DATASET CONTENT:
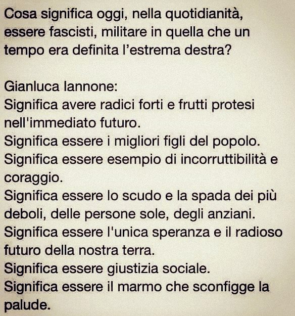 Cosa significa essere fascista? Significa essere l’unica speranza e il radioso futuro della nostra terra.
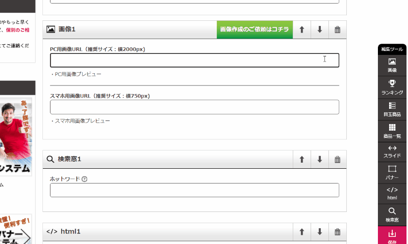 特集ページツクールでは、そんな手間を格段に削減できるシステムとなっております。また「価格変更」「サムネイル画像変更」「売り切れ」なども自動で更新する仕様のため、更新する手間がありません。
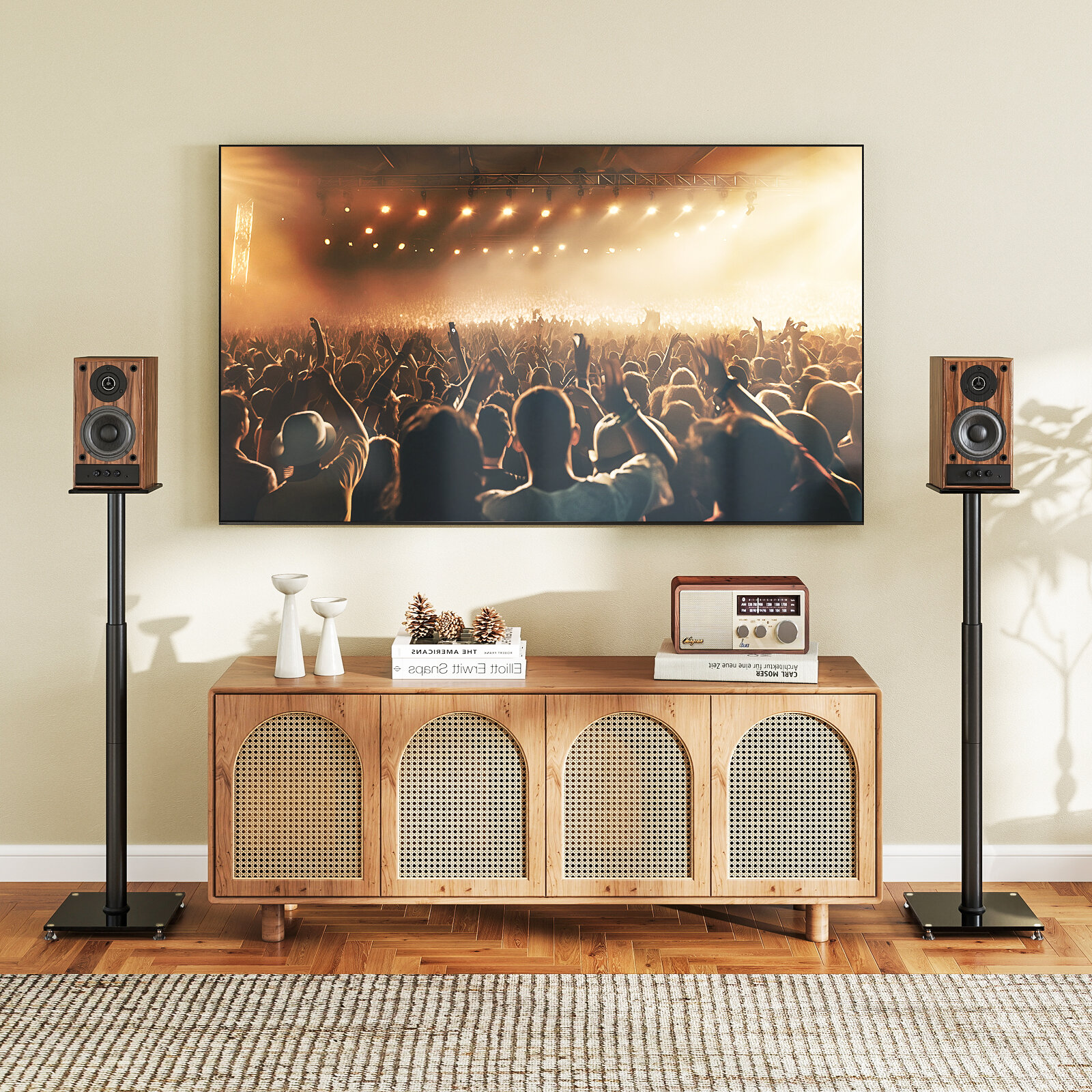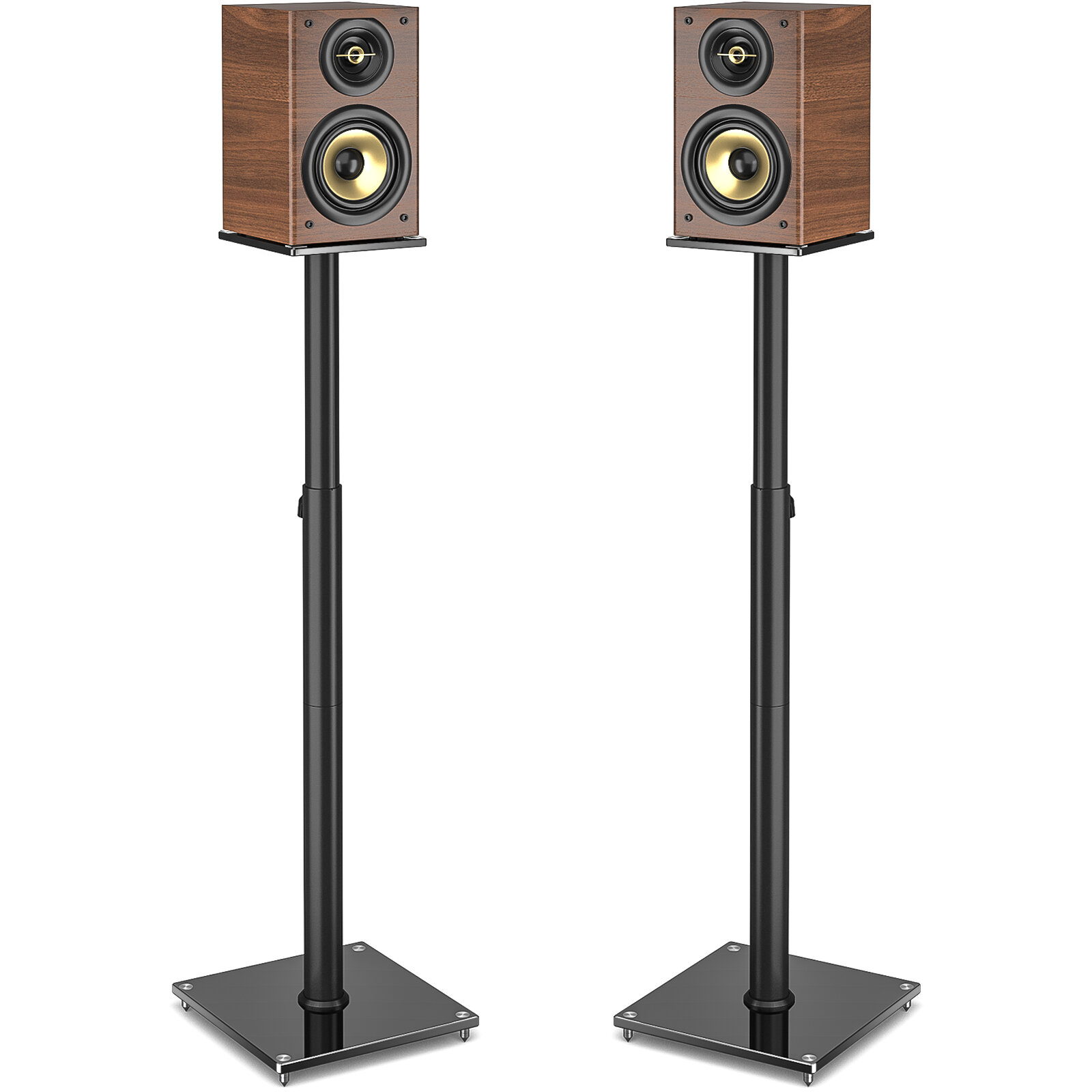 Sturdy: Glass base for stable speaker support, reducing vibrations.

WHAT TO WORK ON:
Begin with the line that contains "特集ページツクールでは、そん" and copy every line through the end of the listing, exactly as written, both ends included. Pictures are not part of the copy.

ANSWER SPACE:
 特集ページツクールでは、そんな手間を格段に削減できるシステムとなっております。また「価格変更」「サムネイル画像変更」「売り切れ」なども自動で更新する仕様のため、更新する手間がありません。
 Sturdy: Glass base for stable speaker support, reducing vibrations.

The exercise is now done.